Progresser sur la forme et le fond des contributions nationales comme clé de l’équité Pour rappel, la COP19 à Varsovie, en novembre dernier, a appelé les pays à soumettre leurs « contributions » dans le cadre de l’accord après 2020 d’ici fin mars 2015. Le terme « contribution nationale », apparu dans les dernières heures de la négociations à Varsovie, vient remplacer le terme (plus fort) « engagement ». Il s’agit maintenant de préciser quelles informations ex ante les pays doivent fournir dans le cadre de leur contribution. Cette question est essentielle pour de nombreuses raisons : pour garantir la comparabilité, la transparence et la compréhension des contributions qui seront présentées ; et pour garantir la capacité des gouvernements et de la société civile mondiale à évaluer et comparer ces contributions nationales entre mars et décembre 2015 et si possible, créer une pression suffisante pour que tous les Etats se fixent des objectifs plus ambitieux. Il s’agit aussi de fixer le champ de cette contribution. Pour les pays développés, les contributions concernent uniquement l’atténuation. Pour une partie des pays en développement (PED), les contributions des pays développés doivent autant concerner l’atténuation que les financements qu’ils comptent fournir pour appuyer les PED. Pour certains, c’est le seul moyen de sécuriser et de renforcer la prévisibilité des financements publics après 2020 et ainsi, l’ambition des contributions nationales des pays en développement. Un atelier à Bonn en mars a permis à plusieurs pays de présenter l’état de leurs préparatifs pour leur contribution nationale mais pour l’instant, il manque les indicateurs pour les comparer. Il est attendu que la COP20 à Lima précise les informations ex ante qui formateront les contributions. Mais la discussion pourrait s’envenimer sans résolution de la question du financement dans le cadre de ces contributions. Quelle que soit l’approche retenue, le plus important reste la comparabilité des efforts, et donc, la transparence et l’adoption d’une nomenclature commune à tous les Etats. Pour les ONG, il est impératif d’adopter des nomenclatures type pour présenter les contributions nationales d’ici à mars 2015, afin de faciliter la comparabilité, la transparence et in fine, l’équité. Parmi nos propositions • Les nomenclatures doivent être adaptées et différenciées en fonction des responsabilités
et capacités des Etats. Celle applicable aux PMA devrait cibler en priorité les politiques et mesures et des objectifs de déploiement des énergies renouvelables, et celles des principaux pollueurs des objectifs de réduction d’émissions et de déploiement des solutions absolus
• La nomenclature pour les contributions des pays développés doit inclure des provisions claires en matière d’appui financier aux pays en développement.

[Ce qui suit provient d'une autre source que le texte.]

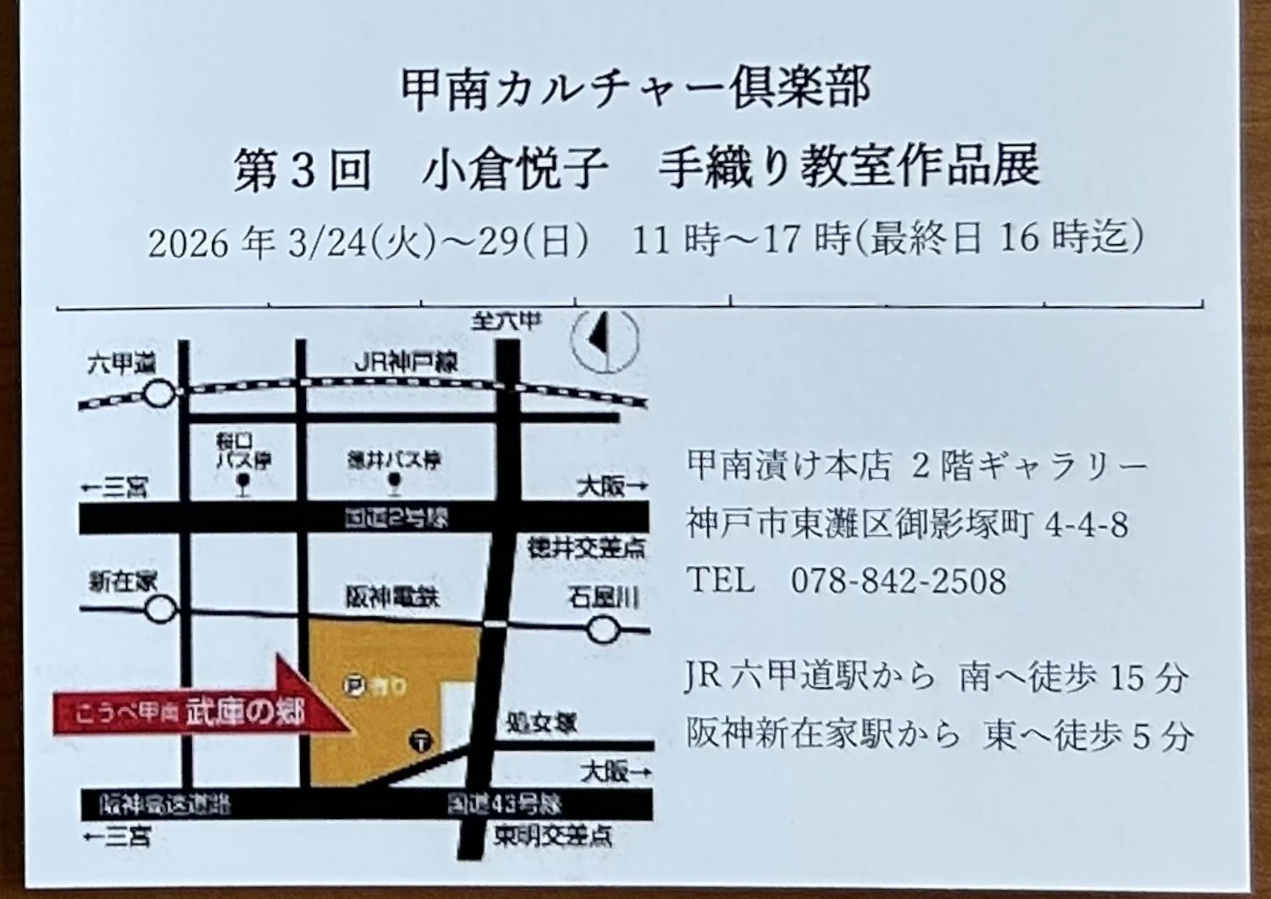 御影の甲南漬け本店2階ギャラリーで、手作りならではの温かさがあふれる展示会が開催されます!甲南カルチャー倶楽部「第3回 小倉悦子 手織り教室作品展」、通称「おり・おり・織展」が、2026年3月24日(火)~29日(日)までの6日間、いよいよ開幕します♪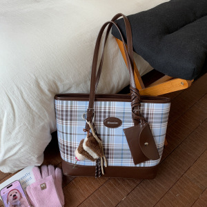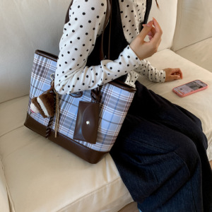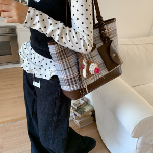 韩版休闲大容量腋下包包女2025新款格纹手提托特包时尚单肩通勤包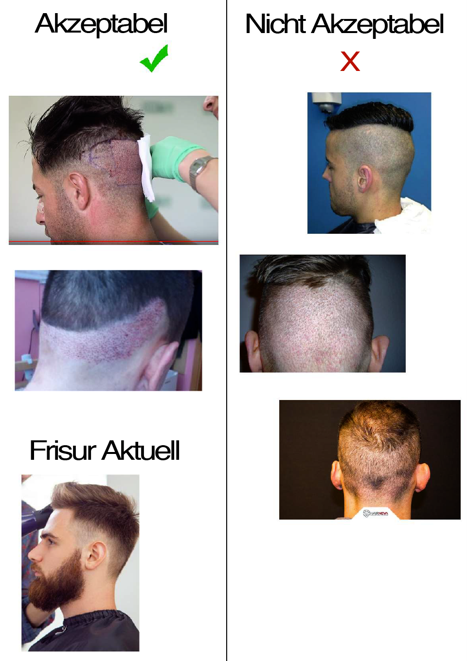 Ich arbeite im öffentlichen Leben und in meinem Job ist es sehr wichtig gut auszusehen, mein Arzt hat mir gesagt, dass die Haare nicht abrasiert werden müssen, also oben am Deckhaar, am Spenderbereich werden diese rasiert, ich trage meine Haare an den Seiten eh kurz 1mm, wenn ich frisch vom Frisör komme.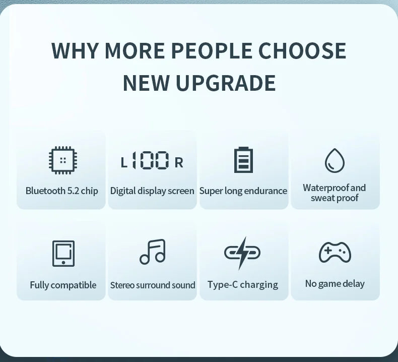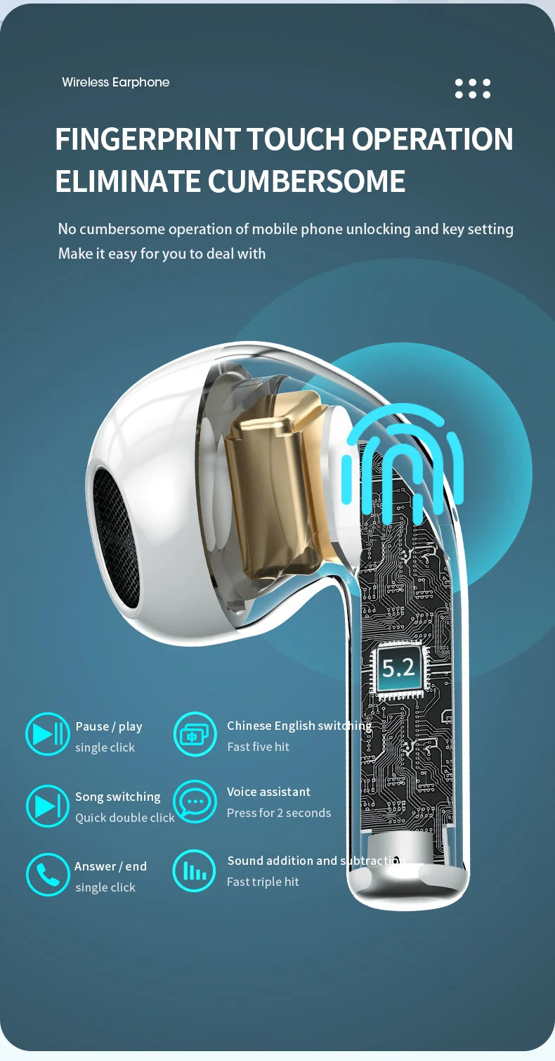 Wireless Bluetooth Earphones HIFI Stereo Waterproof Sports Headphones TWS Mic HD Call Headset LED Display Music Gaming Earbuds

• La nomenclature des pays en développement doit permettre aux pays de préciser les besoins financiers pour aller plus loin.

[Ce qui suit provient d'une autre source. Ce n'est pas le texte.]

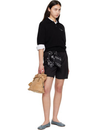 Calfskin suede top handle bag. · Rolled carry handles with detachable keyring · Adjustable and detachable crossbody strap · White stitching at back face · Mismatched bumper studs at base · Zip closure with key-shaped pull tab · Stowaway panel with zip closure · Patch and zip pockets at interior · Twill lining · H10" x W10" x D5" Supplier color: Camel Calfskin. Made in Italy 261168F046009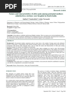 Many studies done on after labour pain had assessed its nature occupation, type of work, monthly income, type of family,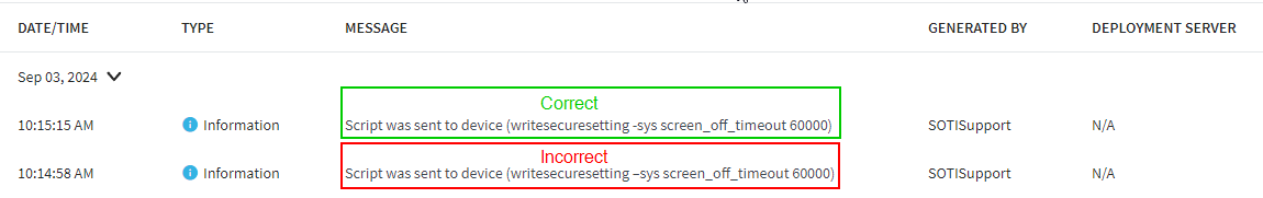 To change the device timeout value, use the "writesecuresetting –sys screen_off_timeout 60000" script to change the screen timeout values (the number value is in milliseconds). However, after sending this script to the device, the screen timeout does not change and there are no error messages in the device logs to indicate that the script is not supported or that the script syntax is incorrect.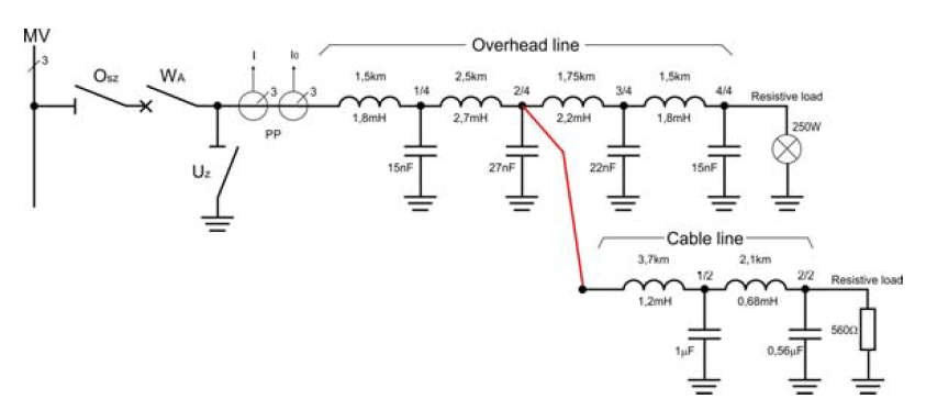 The calculation data were obtained from the line construction data. The values of individual parameters of the line model were determined taking into account: type, cross-section of working conductors, type of slopes (distance between conductors and between conductors and ground) and type of ground. The parameters were determined and a model of MV line was built containing four overhead sections with lengths of 1.5, 2.5, 1.75 and 1.5km. The preload of active power at the end of the simulated line was three 250W bulbs associated in a star. The test stand was equipped with a field controller with a disturbance recorder with a sampling frequency of 1.6kHz (Fig.2).

• Toutes les nomenclatures doivent faire une place aux politiques de cohérence mises en œuvre pour maximiser les efforts de réduction d’émissions (par exemple, en matière de fiscalité).
• Toutes les nomenclatures doivent faire une place, au-‐delà des objectifs et mesures de réduction d’émissions, aux objectifs et mesures de déploiement sectorielle des solutions : comme les énergies renouvelables, l’efficacité énergétique, la gestion des forêts.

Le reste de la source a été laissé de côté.